Models of Subjective Learning

Economics

Speaker:David Dillenberger, University of Pennsylvania
Date: Wednesday 2 November 2011
Time: 16.15
Location: STC/D

Further details

We study a decision maker who faces a dynamic decision problem, in which the process of information arrival is subjective. By studying preferences over menus of acts, we derive a sequence of representations that capture the decision maker's un-certainty about the beliefs he will hold at the time of choosing from a menu. Our most general model is a model of second-order beliefs. We characterize a notion of "more preference for flexibility" via a subjective analogue of Blackwell's (1951, 1953) comparisons of experiments. We proceed to study a refined model in which signals are objectively describable as subsets of the state space. We provide a representation according to which the DM is only uncertain about the information set he will be in when choosing from the menu. We characterize the information systems that can support such a representation. The characterization is closely related to Shapley's (1967) notion of balanced weights. This representation has the advantage that, by introducing the comparative notion of "valuing binary bets more", we can describe how the behavior of two decision makers differs when one expects to learn more than the other, even if they do not agree on their prior beliefs.
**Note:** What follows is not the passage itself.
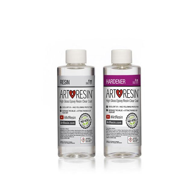 Want to add a little love to your painting, drawing, puzzle, or project? ArtResin is a high-gloss epoxy resin clear coat that makes your work pop while also protecting it. Resin contains no VOC or fumes and boasts unparalleled non-yellowing protection. The process is easy! Mix equal parts from each bottle, stir for 3 minutes, pour onto your project, and spread. Leave your piece to dry for 24 hours and then love it forever. This ArtResin Mini Kit covers approximately 2 square feet. For the ArtResin Starter Kit, please click here.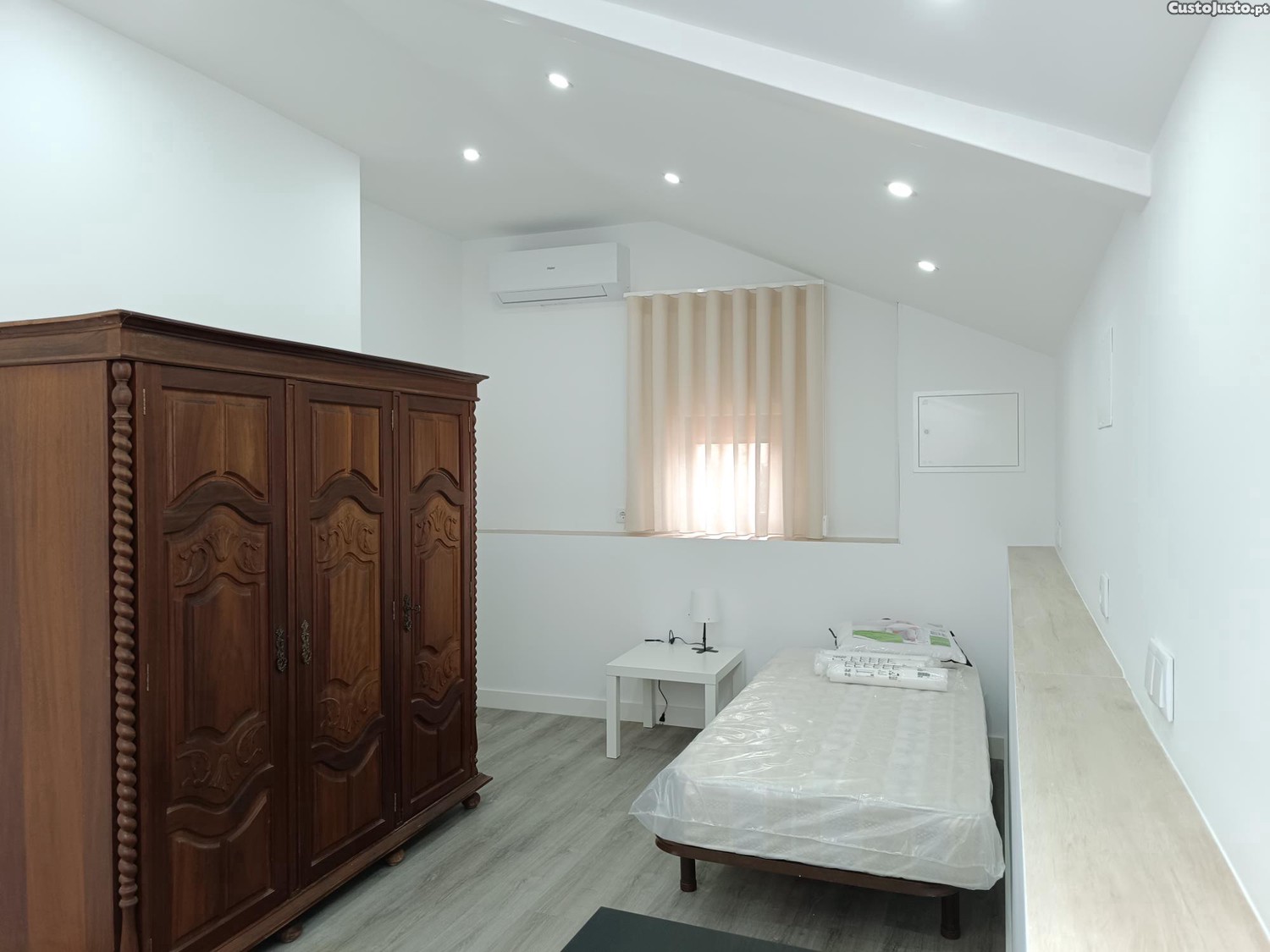 Quartos individuais com colchão novo, roupeiro três portas e espelho, ar condicionado reversível quente / frio, caixilharia vidro duplo e isolamento térmico eficiente, estores elétricos, secretária, cadeira e mesinha de cabeceira, áreas confortáveis de 10 a 14 m2.

We then reinterpret the model in a way that allows us to study a decision maker who anticipates subjective uncertainty to be resolved gradually over time. We derive a representation that can be interpreted as follows: the decision maker holds beliefs over the states of the world and has in mind a filtration indexed by continuous time. Using Bayes' law, the filtration together with the beliefs generates a subjective temporal lottery. Both the filtration, which is the timing of information arrival and the sequence of partitions induced by it, and the beliefs, can be uniquely elicited from choice behavior. In this context, valuing binary bets more is equivalent to having a finer filtration. If two decision maker also share the same prior beliefs, then having a finer filtration is equivalent to having more preference for flexibility.